Multisite synergism-induced electron regulation of high-entropy alloy nanowires for electrocatalytic reforming of polylactic acid plastic hydrolysate

Abstract

Transforming waste PLA into chemical feedstocks for high-value products offers sustainable advantages-reducing emissions while advancing circular production. Electrochemically converting PLA into valuable chemicals is a key solution for reducing plastic pollution. In this work, high-entropy alloys (HEAs) AuCuAgPtNi nanowires with rich lattice distortions and defects were prepared using a straightforward one-step wet chemical process for the highly selective conversion of PLA hydrolysate lactic acid to acetic acid.
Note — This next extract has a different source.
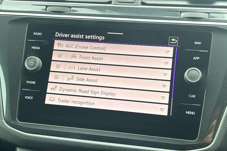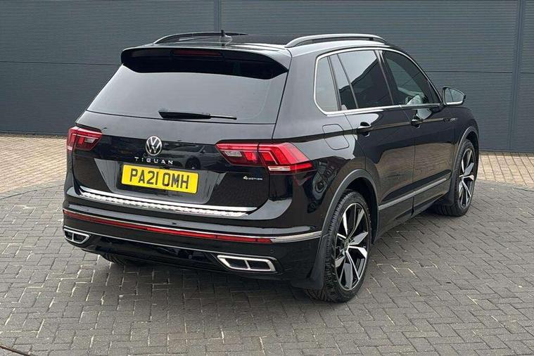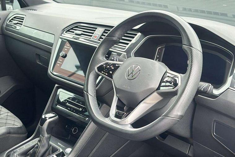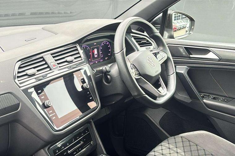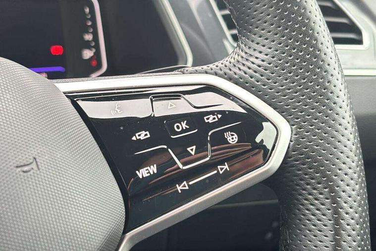 Adaptive cruise control ACC stop and go including speed limiter, App-Connect incl. App-Connect Wireless for Apple CarPlay and Android Auto, Bluetooth phone integration system, Digital Cockpit Pro - Active info display, Distance control assist, Driver alert system, Driver profile selection, Dynamic road sign display, eCall emergency call system, Electromechanical speed sensitive power steering, Lane keeping system Lane Assist, Lights on warning, Multifunction front facing camera, Outside temperature display, Premium multifunction display with multi colour display, Revision / skills operating concept travel assistant, Service interval indicator, Start/stop system with regenerative braking, Warning sound and light for doors and tailgate open, Battery regeneration during braking, Diesel particulate filter, Misfuel prevention device for diesel engine, XDS electronic differential lock for improved traction and handling, 2 USB-C ports in the front, 1 USB-C charging socket on the center console in the rear, Diversity antenna for FM reception, Radio, SD card slot, Simultaneous pairing of 2 compatible mobile devices, SMS functionality - read, compose and send SMS messages using touch-screen display, Title and cover art display, Auto dimming interior rear view mirror, Automatic headlight control system, Black roof rails, Body colour door handles, Body coloured bumpers in R Line style, Chrome moldings on the side windows, Coming/leaving home lighting function, Dynamic headlight range control, Front and rear electric windows, Heated rear window, High level 3rd brake light, Laminated safety glass windshield, heat and sound insulating, LED rear number plate lights, License plate carrier in front and rear, Poor weather light and cornering light, Privacy glass for rear side windows and rear window, R Line body kit, R Line side sills, Rain sensor windscreen wipers, Rear exhaust tailpipe, Rear fog lamp, Rear spoiler in R style, Rear windscreen washer and wiper with interval delay, Side and rear windows in heat insulating glass, Trailer Stability Programme, Unique R Line badging, Windscreen wipers/ intermittent wipe + 4 position delay, 12V outlet in center console rear and in luggage compartment, 2 cup holders in front, 2 LED front reading lights, 2 LED rear reading lights, 3 rear headrests, 4 load lashing points, 40:20:40 split folding rear seats, Air Care Climatronic 3 zone automatic climate control with enhanced air filter and controls in the rear, Backrest release for left front seat, Black headlining, Brushed stainless steel pedals and footrest, Carpet mats in front and rear with decorative stitching in Gray, Climate control unit rear with touch function, Door and side trim panel in foam film, insert in leatherette, Front footwell illumination, Front seats head restraints (x-adjustment), Height adjustable front seats, Height/reach adjust steering wheel, Instrument lighting white adjustable panel illumination, Interior light with delay, Isofix Preparation 2 Rear child seats, Leather gear knob, Lockable cooled glovebox, Luggage compartment lighting, Rear bench seat asymetrically split folding, longitudinally movable and folding with load-through hatch and center armrest, Remote unlocking for rear seat backrest, Removable luggage cover, Safety optimised front head restraints, Sliding/reclining rear seats, Standard rear seat release, Storage compartment in driver's door, Storage compartment in passenger's door, Storage compartment in rear doors, Storage compartments in luggage area left and right, Storage tray on dashboard, Sun visors with illuminated vanity mirrors, Tool kit, Top front comfort seats, Variable boot floor, height adjustable and removable, Ambience pack - Tiguan R Line, Driver assistance pack plus - Tiguan, 3 point seat belt for centre rear seats, 3 point seat belts with seat belt pretensioners for the outer rear seats, Active bonnet, Curtain airbags for front and rear passengers, Driver/Front Passenger airbags, Drivers knee airbag, Electronic parking brake with auto hold, Electronic Stability Control with driver steering recommendation, ABS, ASR, EDL, EDTC and trailer stabilization, Front assist with autonomous emergency braking (for Adaptive Cruise Control ACC up to 130 mph), Front disc brakes, Front passenger airbag deactivation, Front side airbags, Height adjustable front 3 point seatbelts + pretensioners, Hill hold control, Pedestrian monitoring system, Proactive passenger protection system in combination with front assist, Rear disc brakes, Rigid safety cell with front and rear crumple zones, Two tone horn, Warning sound and light for front seat belts if unfastened, Anti theft alarm system with interior monitoring, backup horn and towing protection, Anti theft wheel bolts, Electronic engine immobiliser, 20" Misano black with diamond turned surface alloy wheels with Airstop tyres,

The synthesized HEA-AuCuAgPtNi nanowires exhibited excellent lactic acid oxidation reaction (LAOR) performance, achieving 115 mmol h -1 μg -1 yield, 96.41% selectivity and 90.72% faradaic efficiency at 1.50 V vs. RHE.Introducing a flow cell to couple the LAOR with the hydrogen evolution reaction has great potential in the generation of clean energy. Density functional theory calculations highlight the synergistic effect of the five elements in optimizing the electronic structure and enhancing the LAOR activity of the catalysts. This work proposes an efficient electro-upcycling strategy for plastics, offering a green solution for the treatment of waste PLA.